As a final entry in our excise tax series, we wanted to share an analysis that shows why the excise tax has been, from the beginning, the provision of the ACA that has caused employers the most heartburn — and why it will take creative strategies like those described in the Excise Tax Survival Kit to avoid it in 2018 and beyond.
In earlier posts, we’ve demonstrated that health plan costs vary widely by geographic region and workforce demographics (as plan sponsors know all too well), and argued that the excise tax will put undue burden on employers in higher-cost areas of the country and on those with less-healthy workforce populations. Based on premium costs provided in Mercer’s 2014 National Survey of Employer-Sponsored Health Plans, we’ve estimated that a third of large employers (those with 500 or more employees) have at least one plan whose cost will exceed the excise tax threshold in 2018 if they make no changes. Because of the way the excise tax threshold is indexed, the percentage of employers at risk will rise every year that medical inflation exceeds the general CPI — which, based on past history, is every year. So no employer can afford to be cavalier about the tax.
But what do these high-cost plans look like? Are they really the overly rich plans that economists argue have led to inefficient usage of medical services and increased health costs?
It depends on how you define “overly rich.” It makes sense that the richest plan on the public exchange — the “Platinum” plan — would be the type of plan targeted by the excise tax. But, taking a deeper dive into our survey data, we find that fewer than a third of those employer-sponsored plans estimated to exceed the excise tax in 2018 have an actuarial value (AV) of 90% or higher, the definition of a Platinum plan. So are Gold plans considered excessive as well? About half of the high-cost plans in our analysis have a Gold level AV of 80%. But 15% are Silver level plans (AV of 70%), and 7% are actually Bronze (AV below 70%).

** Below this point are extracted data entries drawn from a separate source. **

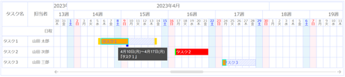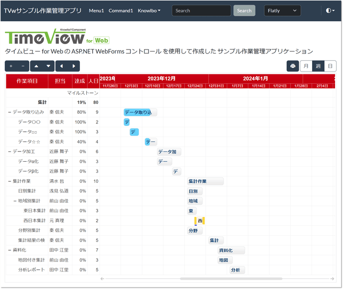 また、達成率(進捗率)や吹き出し、マイルストーンの表示、クリックイベントの提供、時間の表示単位の変更、印刷機能など、スケジュール管理アプリケーションを作成するための豊富な表現力を持っています。
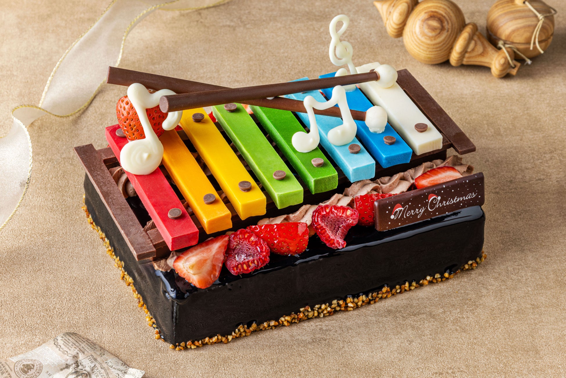 カラフルな木琴をイメージした、華やかなショコラムースケーキ。 鍵盤部分にはボンボンショコラを使い、カラーと同じく 8 種類のフレーバーをお楽しみいただけます。 ベースとなるショコラムースは、ショコラとコーヒーの芳醇な香りが絶妙に調和した「オペラ」仕立て。濃厚で贅沢な味わいが口いっぱいに広がります。さらに、フルーツフレーバーのボンボンショコラと共にお召しあがりいただくことで、ひと口ごとに新たな味わいをご堪能いただけます。
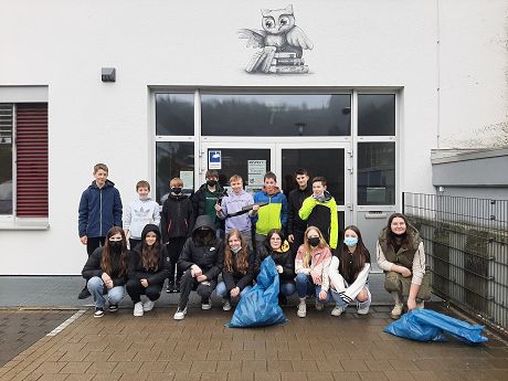 In Kleingruppen machten sich die Jugendlichen auf den Weg und säuberten die Grünflächen rund um das Schulgelände von achtlos weggeworfenem Müll.
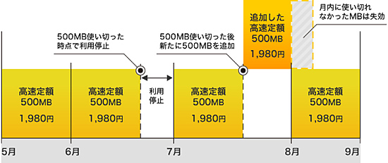 SIMパッケージをAmazon.co.jpで購入し、受付専用サイトでサービスを申し込むと利用できる。使用を開始した日を起点日として、毎月500MBまで使うことができ、1か月(料金月)以内に500MBに達すると、料金月の末日まで利用停止になる。1か月以内に使い切った場合は、専用ページ「My b-mobile」から1980円で500MBを追加購入すると、継続して使用できる。なお、追加分を含め、料金月内に使い切れなかったデータ量は失効し、翌料金月には繰り越されない。

On the public exchanges, Silver plans are the marketplace standard, accounting for 68% of enrollment as of June.1 These plans are also the basis for determining cost-sharing reduction subsidies on the exchanges, and yet, under employer-sponsored coverage, many of these same plans will be deemed “high cost” and subject to the excise tax.
A recent release from the Council of Economic Advisers Chairman Jason Furman argues that the “very high thresholds” of the excise tax will ensure that the tax applies only to those very rich “Cadillac” plans and not “typical ‘Chevy’ plans.” But it’s not just the Platinum or Gold level plans that will be impacted; even some Bronze level plans are at risk for exceeding the tax threshold in 2018. Forget Chevy, you could be paying out for your ’96 Geo!
In our comments to the Treasury Department, we suggested that focusing solely on cost as a measure of health plan value may unfairly tax some groups, and that actuarial value might be a more fair measure. We won’t know whether the provision will be revised until 2016 at the earliest. Given that, our advice to employers is to carefully consider the strategies with the potential both to position you for long-term cost management and strengthen your value proposition. That way, you’ll come out ahead whatever the outcome of this debate.
Emily Ferreira assisted with data analysis and the preparation of this post.
1 Kaiser Family Foundation analysis of June 30, 2015 Effectuated Enrollment Snapshot, Centers for Medicaid and Medicare Services (CMS), accessed September 8, 2015.